►

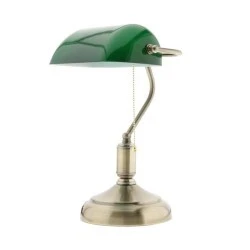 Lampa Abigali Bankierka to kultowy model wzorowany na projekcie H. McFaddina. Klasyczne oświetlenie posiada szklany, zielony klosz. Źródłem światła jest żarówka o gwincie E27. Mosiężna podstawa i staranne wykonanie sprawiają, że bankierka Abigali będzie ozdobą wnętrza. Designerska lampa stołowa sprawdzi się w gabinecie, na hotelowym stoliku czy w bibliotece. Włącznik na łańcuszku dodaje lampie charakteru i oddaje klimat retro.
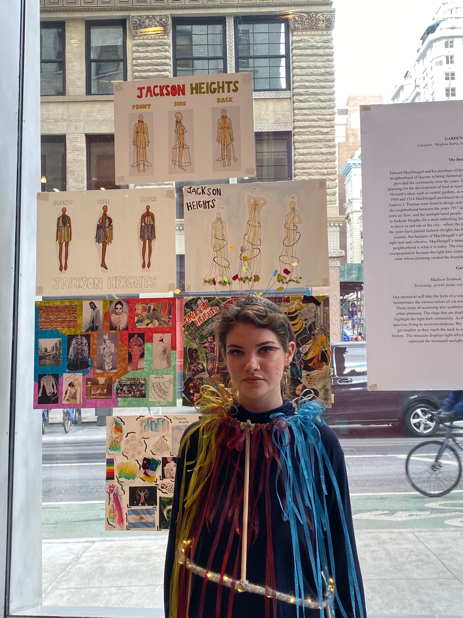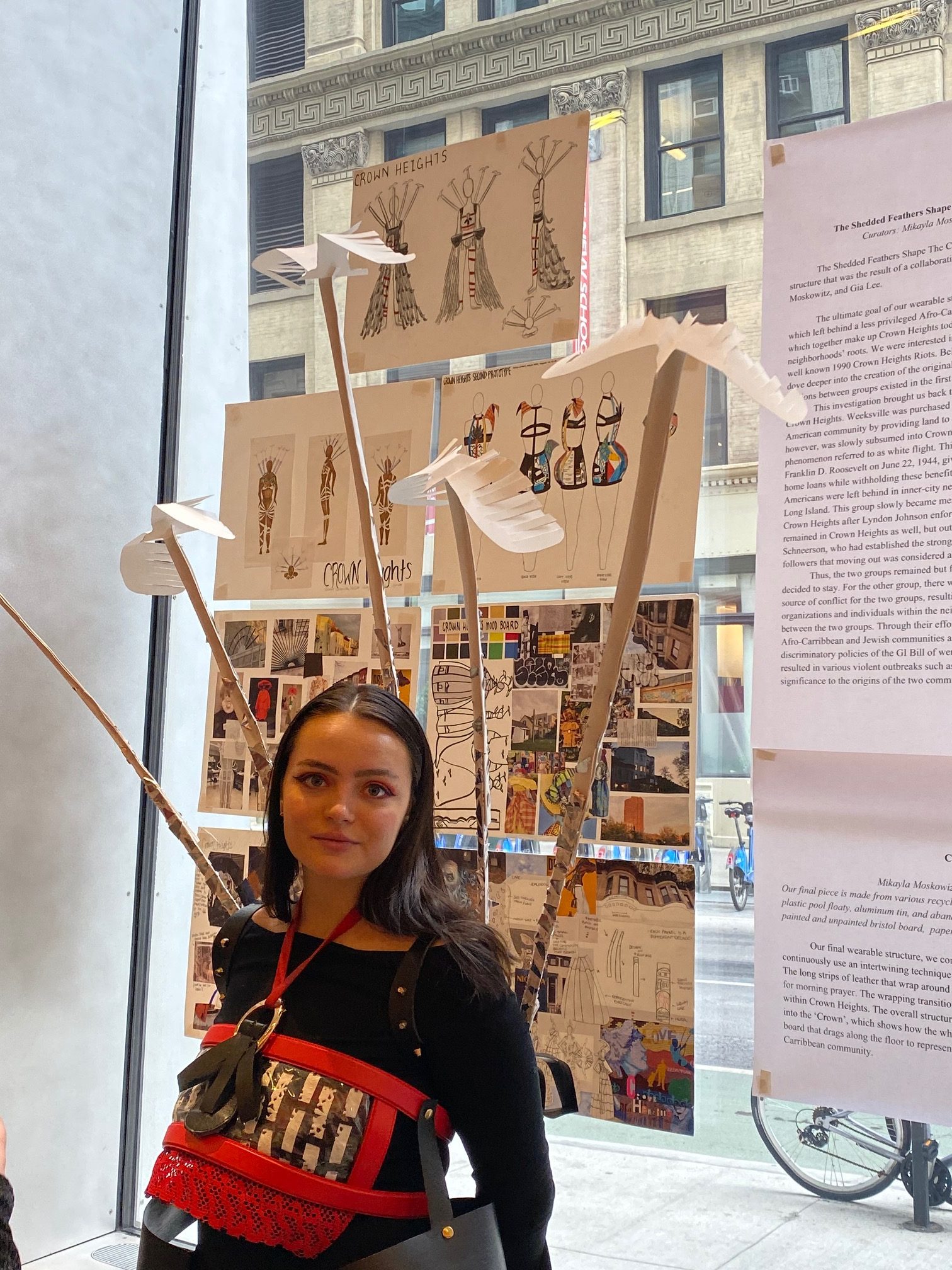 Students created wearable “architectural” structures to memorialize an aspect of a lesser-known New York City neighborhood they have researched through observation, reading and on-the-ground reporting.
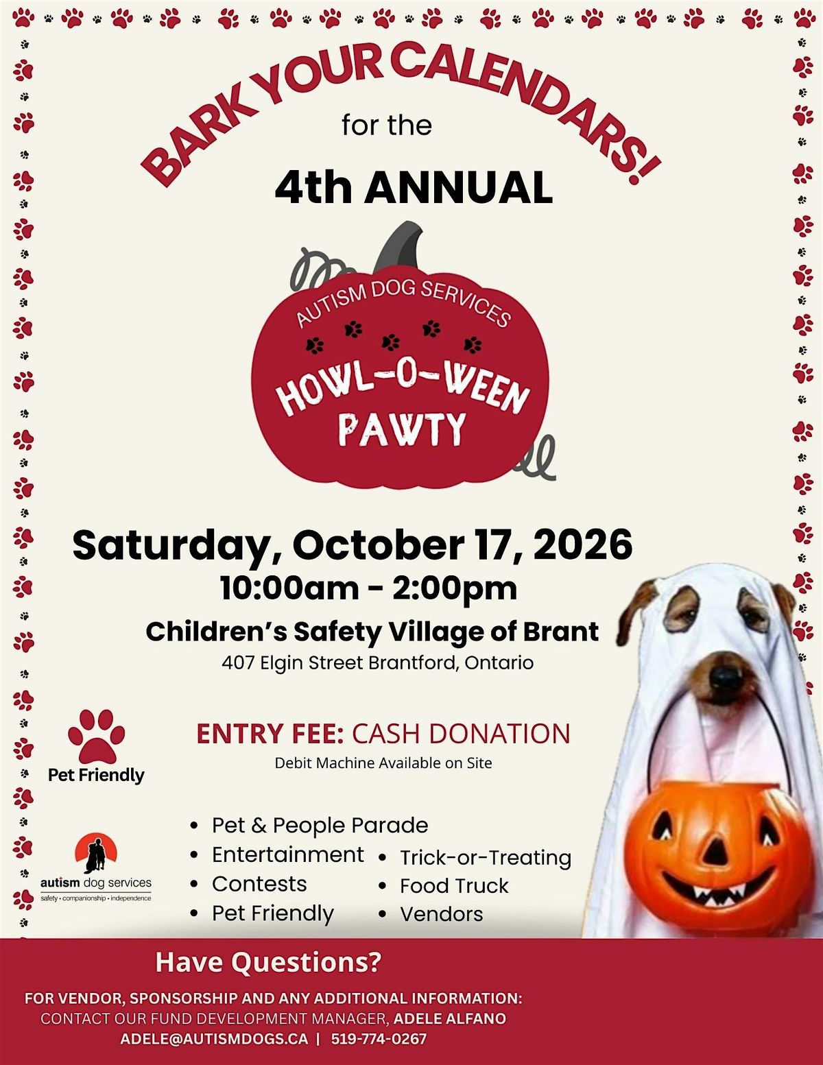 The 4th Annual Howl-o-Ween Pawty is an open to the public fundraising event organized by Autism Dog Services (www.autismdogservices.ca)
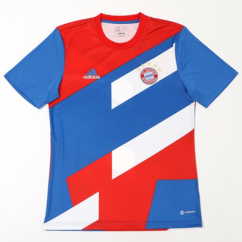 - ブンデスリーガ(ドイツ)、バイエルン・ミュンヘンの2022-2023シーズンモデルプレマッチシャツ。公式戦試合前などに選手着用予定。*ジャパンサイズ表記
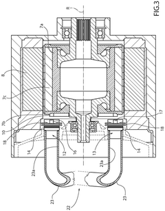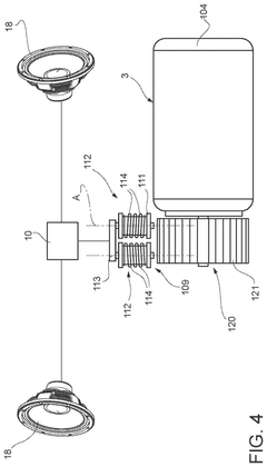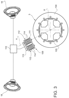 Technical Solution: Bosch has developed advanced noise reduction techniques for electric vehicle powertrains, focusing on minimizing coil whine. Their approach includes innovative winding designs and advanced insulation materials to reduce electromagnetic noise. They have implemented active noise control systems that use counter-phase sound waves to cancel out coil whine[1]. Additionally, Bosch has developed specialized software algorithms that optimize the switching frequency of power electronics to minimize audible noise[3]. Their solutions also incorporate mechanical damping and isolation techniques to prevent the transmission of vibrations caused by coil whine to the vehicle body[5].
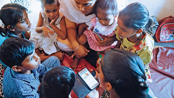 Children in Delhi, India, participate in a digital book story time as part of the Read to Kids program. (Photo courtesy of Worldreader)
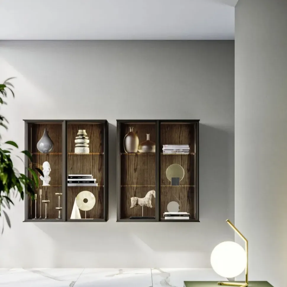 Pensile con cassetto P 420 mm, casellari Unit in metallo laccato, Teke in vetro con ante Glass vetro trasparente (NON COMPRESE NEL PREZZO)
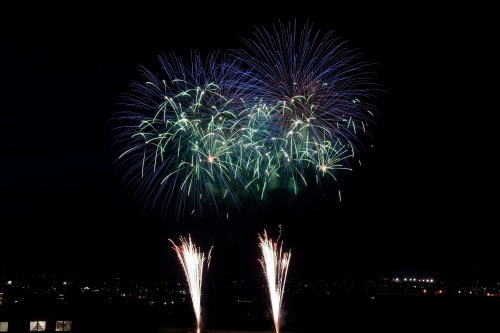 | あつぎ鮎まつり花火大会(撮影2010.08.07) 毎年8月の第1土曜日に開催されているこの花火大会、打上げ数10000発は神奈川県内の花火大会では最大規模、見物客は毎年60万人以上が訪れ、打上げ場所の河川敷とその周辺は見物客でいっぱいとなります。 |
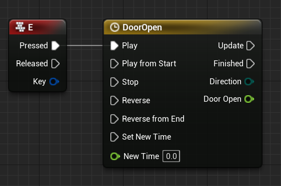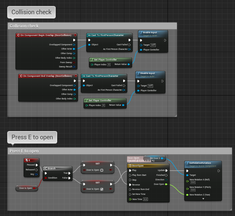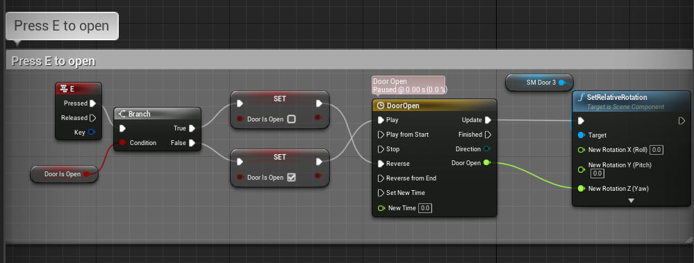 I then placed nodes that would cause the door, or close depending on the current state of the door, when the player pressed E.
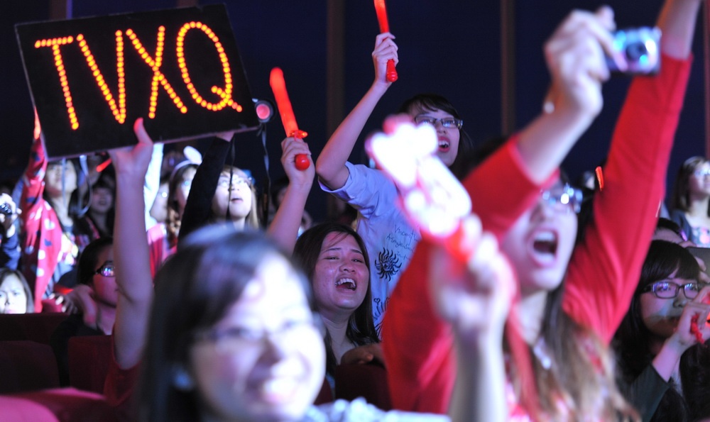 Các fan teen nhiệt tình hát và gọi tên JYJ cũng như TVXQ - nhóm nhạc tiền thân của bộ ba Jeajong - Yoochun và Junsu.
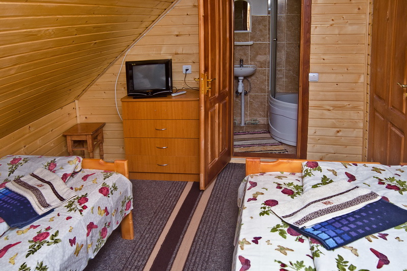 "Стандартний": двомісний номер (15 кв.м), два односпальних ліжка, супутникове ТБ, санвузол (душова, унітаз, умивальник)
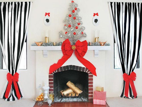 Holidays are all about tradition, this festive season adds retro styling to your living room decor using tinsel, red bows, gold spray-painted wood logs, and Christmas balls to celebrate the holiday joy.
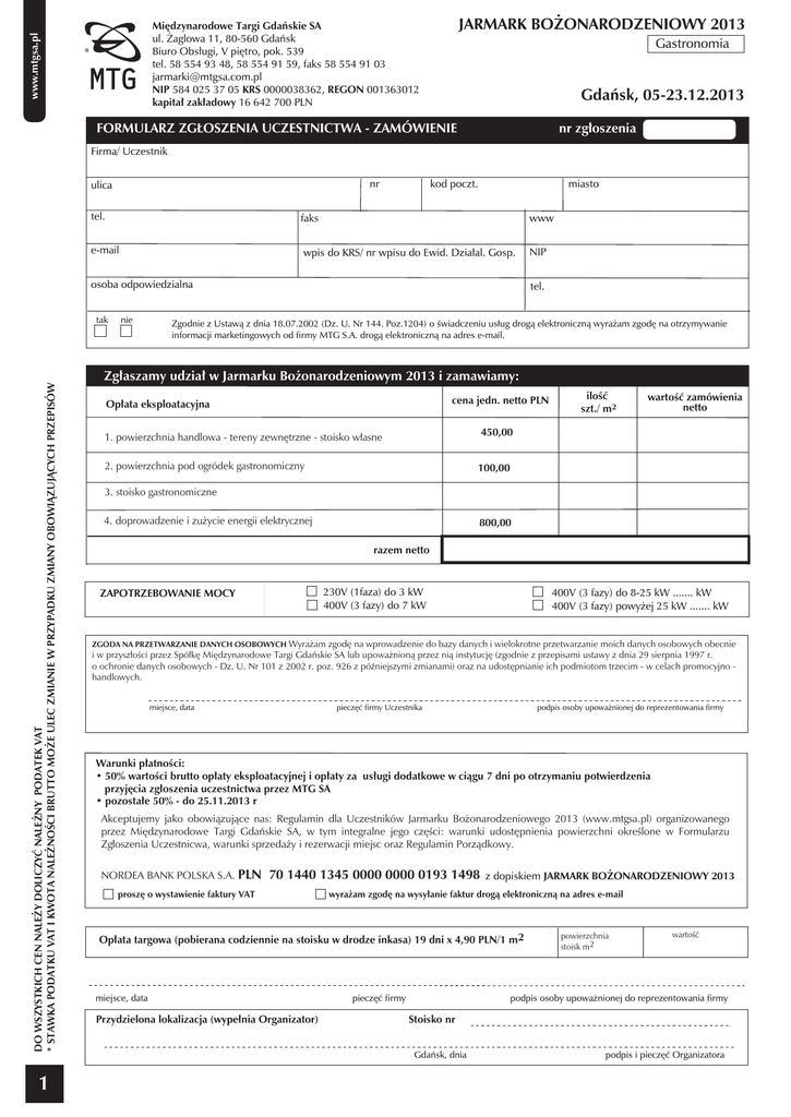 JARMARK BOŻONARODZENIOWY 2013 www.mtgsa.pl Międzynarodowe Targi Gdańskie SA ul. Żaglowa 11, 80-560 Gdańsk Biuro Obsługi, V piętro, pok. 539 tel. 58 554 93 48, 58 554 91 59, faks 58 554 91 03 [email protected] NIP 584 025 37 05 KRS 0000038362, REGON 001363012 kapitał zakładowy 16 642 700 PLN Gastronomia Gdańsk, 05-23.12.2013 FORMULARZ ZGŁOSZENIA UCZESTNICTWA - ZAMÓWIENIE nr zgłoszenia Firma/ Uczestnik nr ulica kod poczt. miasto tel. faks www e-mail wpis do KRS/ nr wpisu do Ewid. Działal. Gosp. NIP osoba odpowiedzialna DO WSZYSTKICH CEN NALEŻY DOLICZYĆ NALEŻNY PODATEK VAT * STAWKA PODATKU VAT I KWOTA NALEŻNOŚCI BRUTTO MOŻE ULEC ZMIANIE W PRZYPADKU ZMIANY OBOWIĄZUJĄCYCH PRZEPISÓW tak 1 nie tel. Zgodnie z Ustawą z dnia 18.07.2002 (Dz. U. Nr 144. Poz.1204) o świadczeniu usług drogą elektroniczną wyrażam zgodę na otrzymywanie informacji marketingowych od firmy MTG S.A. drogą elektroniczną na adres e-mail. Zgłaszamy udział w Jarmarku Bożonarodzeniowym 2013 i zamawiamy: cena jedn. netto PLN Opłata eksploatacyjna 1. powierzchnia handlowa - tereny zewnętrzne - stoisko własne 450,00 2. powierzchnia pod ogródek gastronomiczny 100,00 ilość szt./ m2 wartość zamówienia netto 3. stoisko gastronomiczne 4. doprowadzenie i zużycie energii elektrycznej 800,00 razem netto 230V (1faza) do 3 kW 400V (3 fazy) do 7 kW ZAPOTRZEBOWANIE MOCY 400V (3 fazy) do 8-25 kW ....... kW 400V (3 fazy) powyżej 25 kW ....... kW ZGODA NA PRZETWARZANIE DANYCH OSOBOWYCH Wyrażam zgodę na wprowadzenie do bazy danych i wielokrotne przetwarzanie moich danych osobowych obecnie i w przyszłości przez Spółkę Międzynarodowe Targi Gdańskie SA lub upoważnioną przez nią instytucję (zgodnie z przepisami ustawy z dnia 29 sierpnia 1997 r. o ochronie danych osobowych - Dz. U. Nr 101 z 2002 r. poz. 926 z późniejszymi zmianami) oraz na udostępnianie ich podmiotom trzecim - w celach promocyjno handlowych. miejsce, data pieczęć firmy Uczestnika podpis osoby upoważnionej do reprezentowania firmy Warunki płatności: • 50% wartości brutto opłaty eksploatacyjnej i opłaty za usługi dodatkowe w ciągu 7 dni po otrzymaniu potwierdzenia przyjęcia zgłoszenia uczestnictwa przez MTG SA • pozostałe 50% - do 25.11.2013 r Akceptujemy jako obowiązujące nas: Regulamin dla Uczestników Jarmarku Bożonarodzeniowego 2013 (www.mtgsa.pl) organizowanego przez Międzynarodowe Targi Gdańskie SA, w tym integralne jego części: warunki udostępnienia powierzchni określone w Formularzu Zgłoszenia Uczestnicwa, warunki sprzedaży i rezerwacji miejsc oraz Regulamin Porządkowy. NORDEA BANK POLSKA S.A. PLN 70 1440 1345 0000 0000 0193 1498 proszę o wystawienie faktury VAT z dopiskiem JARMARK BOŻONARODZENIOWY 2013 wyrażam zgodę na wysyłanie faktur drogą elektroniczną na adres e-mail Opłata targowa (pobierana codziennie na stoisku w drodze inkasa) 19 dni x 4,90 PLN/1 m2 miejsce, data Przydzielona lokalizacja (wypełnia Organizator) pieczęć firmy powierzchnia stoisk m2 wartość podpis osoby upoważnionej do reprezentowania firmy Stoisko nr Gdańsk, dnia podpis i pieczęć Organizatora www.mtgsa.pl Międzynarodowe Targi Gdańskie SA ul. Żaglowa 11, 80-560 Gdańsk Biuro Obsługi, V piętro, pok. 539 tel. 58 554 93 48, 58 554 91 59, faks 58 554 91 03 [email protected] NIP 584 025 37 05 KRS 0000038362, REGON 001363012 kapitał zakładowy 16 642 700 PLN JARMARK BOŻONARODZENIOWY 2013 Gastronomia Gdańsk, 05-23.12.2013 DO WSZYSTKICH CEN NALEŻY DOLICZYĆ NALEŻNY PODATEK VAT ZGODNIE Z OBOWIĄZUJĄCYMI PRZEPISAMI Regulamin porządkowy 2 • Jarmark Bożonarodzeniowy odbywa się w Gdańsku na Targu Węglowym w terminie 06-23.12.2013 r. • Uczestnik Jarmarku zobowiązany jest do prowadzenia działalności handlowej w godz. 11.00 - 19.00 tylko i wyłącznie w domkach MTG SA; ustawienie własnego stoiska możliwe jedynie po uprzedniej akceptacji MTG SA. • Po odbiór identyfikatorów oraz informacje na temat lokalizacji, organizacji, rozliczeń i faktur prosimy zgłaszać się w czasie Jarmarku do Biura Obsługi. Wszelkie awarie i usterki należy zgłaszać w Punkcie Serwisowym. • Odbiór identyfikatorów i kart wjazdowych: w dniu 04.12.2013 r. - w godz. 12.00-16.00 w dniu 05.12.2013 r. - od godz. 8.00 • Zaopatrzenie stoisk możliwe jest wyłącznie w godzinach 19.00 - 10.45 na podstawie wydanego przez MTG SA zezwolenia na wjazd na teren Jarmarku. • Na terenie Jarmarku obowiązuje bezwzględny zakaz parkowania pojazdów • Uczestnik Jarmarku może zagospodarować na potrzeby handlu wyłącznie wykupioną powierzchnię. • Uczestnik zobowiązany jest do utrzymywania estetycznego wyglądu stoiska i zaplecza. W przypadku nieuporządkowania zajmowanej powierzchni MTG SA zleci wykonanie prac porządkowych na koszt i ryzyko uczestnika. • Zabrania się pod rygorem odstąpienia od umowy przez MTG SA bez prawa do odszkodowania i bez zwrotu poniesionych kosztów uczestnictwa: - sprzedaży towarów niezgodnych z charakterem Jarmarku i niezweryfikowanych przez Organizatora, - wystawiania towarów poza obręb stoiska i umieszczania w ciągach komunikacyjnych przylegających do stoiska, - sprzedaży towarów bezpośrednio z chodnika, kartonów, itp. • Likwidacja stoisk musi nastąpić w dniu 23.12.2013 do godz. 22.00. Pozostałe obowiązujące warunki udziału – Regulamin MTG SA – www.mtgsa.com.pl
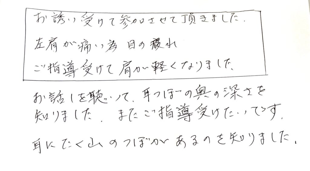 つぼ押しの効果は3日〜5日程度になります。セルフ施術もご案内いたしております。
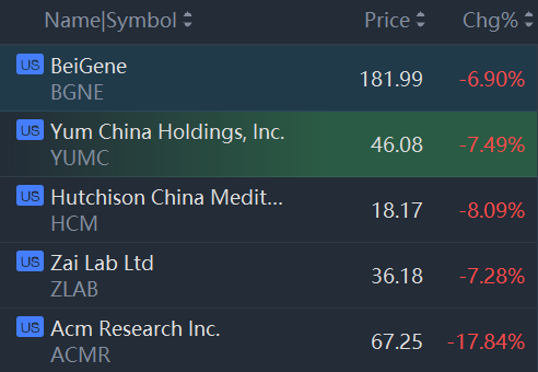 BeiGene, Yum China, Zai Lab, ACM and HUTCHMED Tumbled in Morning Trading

◄

Produce an exact copy of only those lines that run from the line with "つぼ押しの効果は3日〜5日程度になります。セルフ施術もご案内いたしております。" to the final line of the records, including both; exclude images.

 つぼ押しの効果は3日〜5日程度になります。セルフ施術もご案内いたしております。
 BeiGene, Yum China, Zai Lab, ACM and HUTCHMED Tumbled in Morning Trading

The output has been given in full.